MATERIAL PROVIDED:
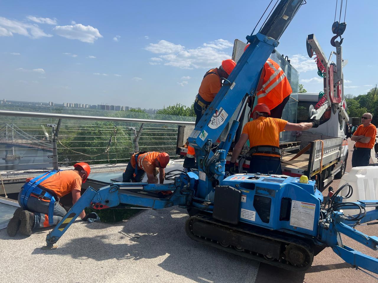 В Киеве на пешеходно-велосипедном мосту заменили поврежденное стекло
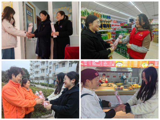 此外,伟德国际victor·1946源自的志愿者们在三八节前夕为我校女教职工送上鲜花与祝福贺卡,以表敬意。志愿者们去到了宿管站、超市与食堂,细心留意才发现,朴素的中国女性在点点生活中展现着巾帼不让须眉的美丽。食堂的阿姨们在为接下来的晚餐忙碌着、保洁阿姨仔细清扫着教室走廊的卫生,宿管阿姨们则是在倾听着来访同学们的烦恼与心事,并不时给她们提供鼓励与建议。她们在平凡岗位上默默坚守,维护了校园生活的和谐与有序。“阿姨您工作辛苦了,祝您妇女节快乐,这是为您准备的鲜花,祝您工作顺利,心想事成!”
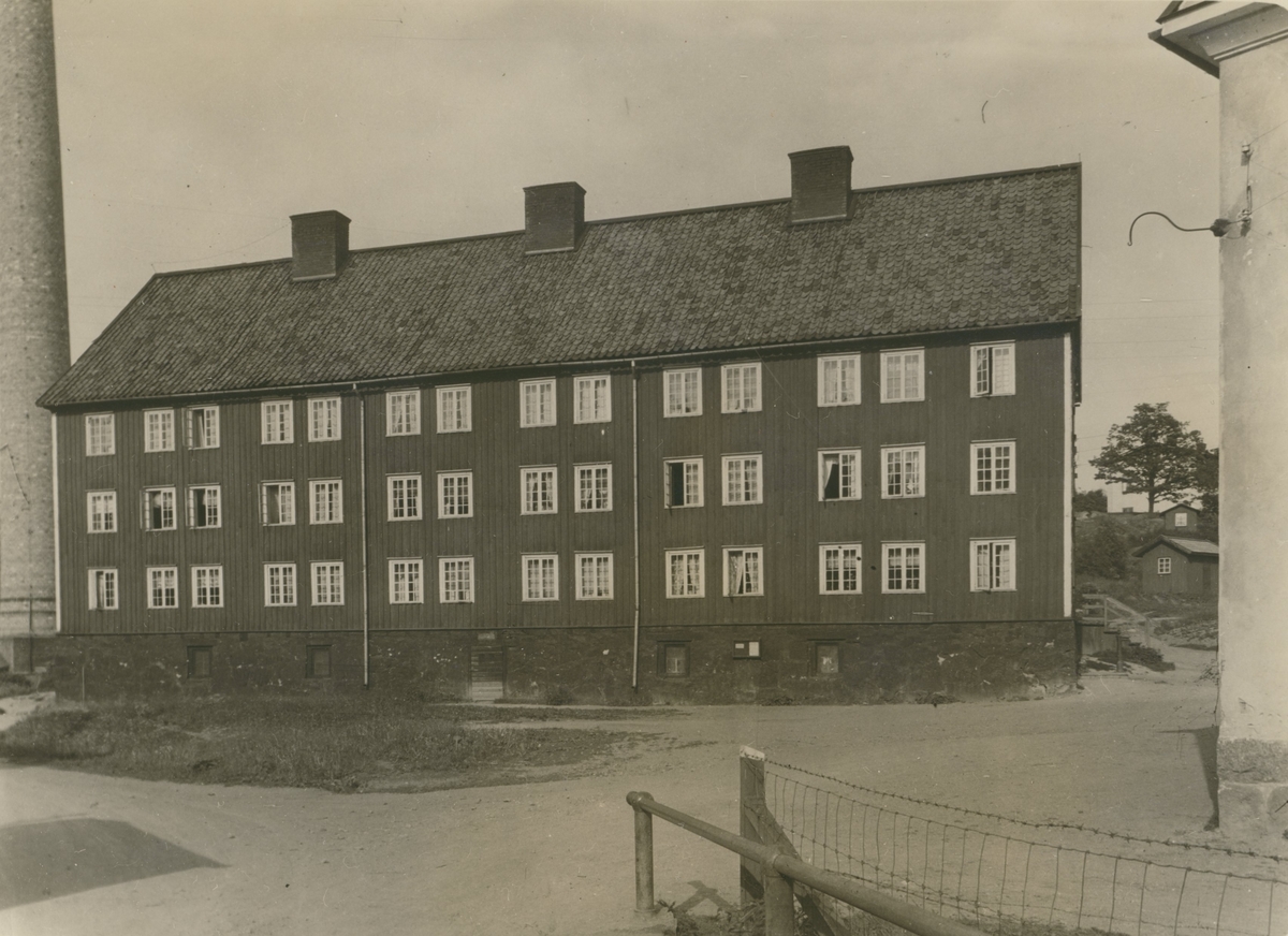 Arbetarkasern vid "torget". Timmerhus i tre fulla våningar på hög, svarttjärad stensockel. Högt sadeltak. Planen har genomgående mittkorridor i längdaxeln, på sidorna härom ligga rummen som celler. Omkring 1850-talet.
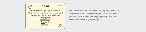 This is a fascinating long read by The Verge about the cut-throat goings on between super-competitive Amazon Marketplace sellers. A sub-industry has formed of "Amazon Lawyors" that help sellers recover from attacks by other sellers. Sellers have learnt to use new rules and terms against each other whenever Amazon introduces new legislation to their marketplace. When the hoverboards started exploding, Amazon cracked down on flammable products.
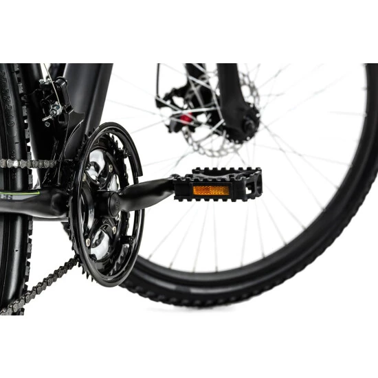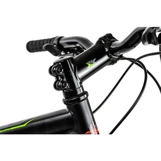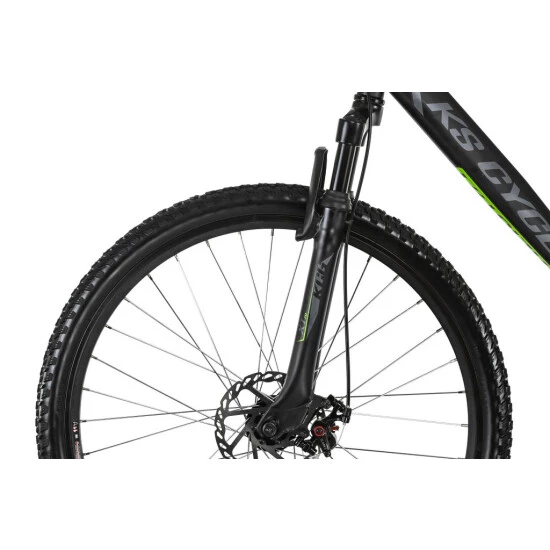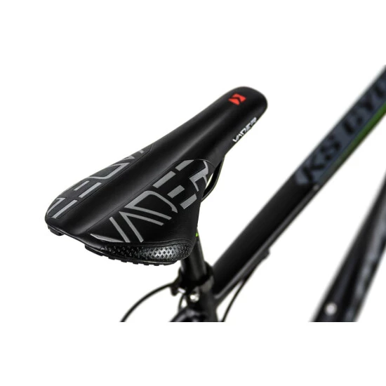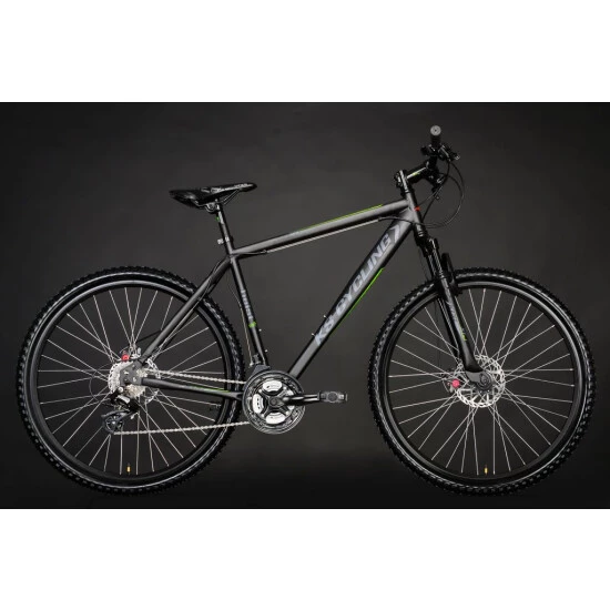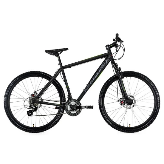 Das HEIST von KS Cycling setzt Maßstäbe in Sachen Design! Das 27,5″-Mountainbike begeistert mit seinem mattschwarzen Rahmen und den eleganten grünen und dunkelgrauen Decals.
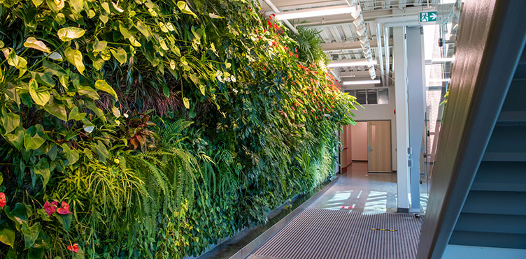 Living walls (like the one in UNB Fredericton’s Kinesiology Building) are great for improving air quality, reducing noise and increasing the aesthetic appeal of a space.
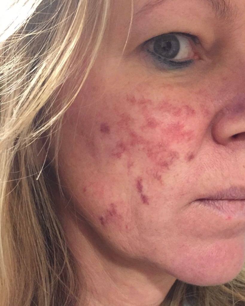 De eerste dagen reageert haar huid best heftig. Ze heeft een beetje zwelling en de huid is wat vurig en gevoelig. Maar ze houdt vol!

EXERCISE DETAILS: Please return exactly the lines above, from where the listing starts to the line holding "此外,伟德国际victor·", inclusive, with the pictures omitted.

ANSWER FOR THIS EXERCISE:
 В Киеве на пешеходно-велосипедном мосту заменили поврежденное стекло
 此外,伟德国际victor·1946源自的志愿者们在三八节前夕为我校女教职工送上鲜花与祝福贺卡,以表敬意。志愿者们去到了宿管站、超市与食堂,细心留意才发现,朴素的中国女性在点点生活中展现着巾帼不让须眉的美丽。食堂的阿姨们在为接下来的晚餐忙碌着、保洁阿姨仔细清扫着教室走廊的卫生,宿管阿姨们则是在倾听着来访同学们的烦恼与心事,并不时给她们提供鼓励与建议。她们在平凡岗位上默默坚守,维护了校园生活的和谐与有序。“阿姨您工作辛苦了,祝您妇女节快乐,这是为您准备的鲜花,祝您工作顺利,心想事成!”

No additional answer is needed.